Recently, the world mourned the death of beloved actor Leonard Nimoy. Mr. Nimoy, of course, was renowned for his portrayal of the iconic character Mr. Spock on the 1966 television series "Star Trek."
One of the most memorable "Star Trek" inventions was the transporter beam that effortlessly moved people and other solid objects through space in an instant.
Indeed, "Beam me up, Scotty" became part of the pop culture lexicon during the height of the show's popularity and remains there today.
Today's investors expecting central bankers to solve the world's economic problems might just as well believe that Janet Yellen is capable of beaming them straight into the Marriner S. Eccles Federal Reserve Board Building in Washington, D.C., which houses the main offices of the Board of Governors of the Federal Reserve System.
The world is suffering from a solvency problem - there is too much debt that can't be serviced or repaid.
It shouldn't take a Vulcan with the cool logic and super-intelligence of Spock to understand the massive threat (and lucrative opportunity) the situation poses for the global economy and our money.
Three-Dimensional Economic Checkmate
In the face of crushing global debt central banks are employing policies designed to deal with a liquidity crisis - lowering interest rates - rather than policies designed to deal with a solvency crisis.
As a result, their policies are doomed to fail.
In fact, they are not only failing to generate the types of growth that could create the income necessary to pay the interest on this debt and ultimately repay it, they are actually increasing debt levels while contributing to epic levels of wealth inequality to boot!
Central banks that purport to be promoting financial stability are actually undermining it - with the able assistance of regulators who have drained liquidity from the world's most important markets. Investors who fail to recognize these facts are going to lose a lot of money because markets are going to figure them out sooner or later and sell off hard.

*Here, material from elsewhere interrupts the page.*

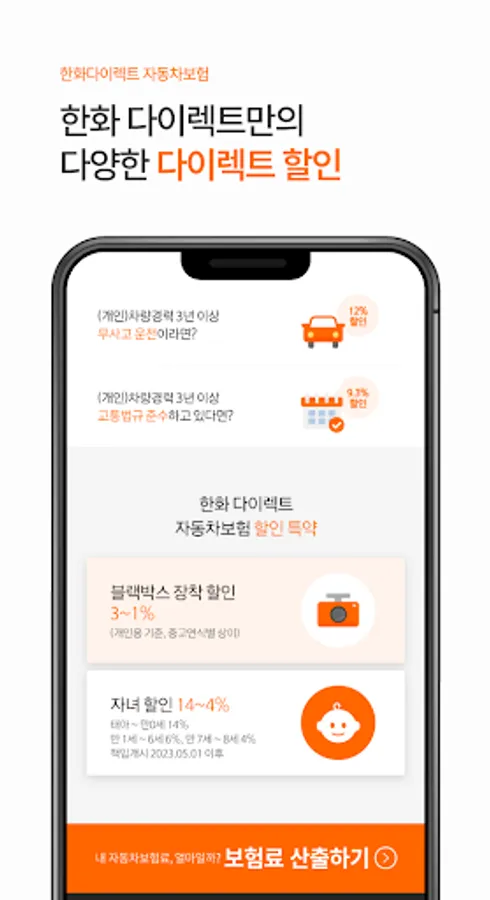 Hanwha Direct Auto Insurance Hanwha General Insurance Mobile App Receive special contract discounts and sign up for auto insurance at a low price! With the mobile app, you can sign up quickly and easily anytime, anywhere. Calculate your insurance premium right now!

Another enduring image of Mr. Spock was watching him play three-dimensional chess, a game that demonstrated both his superior intellect and his ability to see the complexities of the universe in ways far beyond the limited abilities of mere humans.
Rather than think in only two dimensions, Spock was able to think in three (or even more). This is something that investors must be able to do in a "digitalized" world, particularly when currencies start to move as dramatically as they have since last summer.
As a citizen of the twenty-third century, Spock was able to envision a digital world that we are only beginning to experience. Today, we inhabit a world in which we are just beginning to explore the consequences of being able to deconstruct every conceivable kind of data into different combinations of ones and zeroes that can then be reconfigured and transmitted around the world in the blink of an eye.
As investors, we are seeing this phenomenon played out around the world, and it gives us opportunities to take big gains in the "digitalized" economy...
Two Profit Plays for the "Digitalization of Finance"
An example of using seemingly limitless data in support of a new technology is found in Israeli cybersecurity company CyActive, which was just acquired by PayPal Inc., itself a subsidiary of eBay Inc. (Nasdaq: EBAY).
CyActive's specific area of expertise is predicting malware before it hits a network based on the premise that malware behaves like a virus; it mutates as it spreads. So CyActive uses evolutionary biology algorithms to track malware behavior.
Algorithms are a common digital language that can be applied across biological and non-biological systems. The possibilities of the common digital language of mathematics are truly as limitless as the space explored by Spock and his shipmates on the Enterprise.
The digitalization concept goes beyond technology, however.
In the financial world, every stock, bond, loan, currency, commodity, or derivative can be broken down into its constituent digital parts. Financial technology exposes the fundamental truth that all financial instruments are different expressions of the same underlying economic reality.
Global currency moves are another example where we see the "digitalization" theme playing out in real time.
Currencies and interest rates are just different versions of the same underlying phenomenon - the cost of money. And while economists have taught us to think about the difference between "real" and "nominal" returns primarily in terms of inflation effects, it is also necessary to broaden that understanding to include currency effects in periods of currency volatility like today.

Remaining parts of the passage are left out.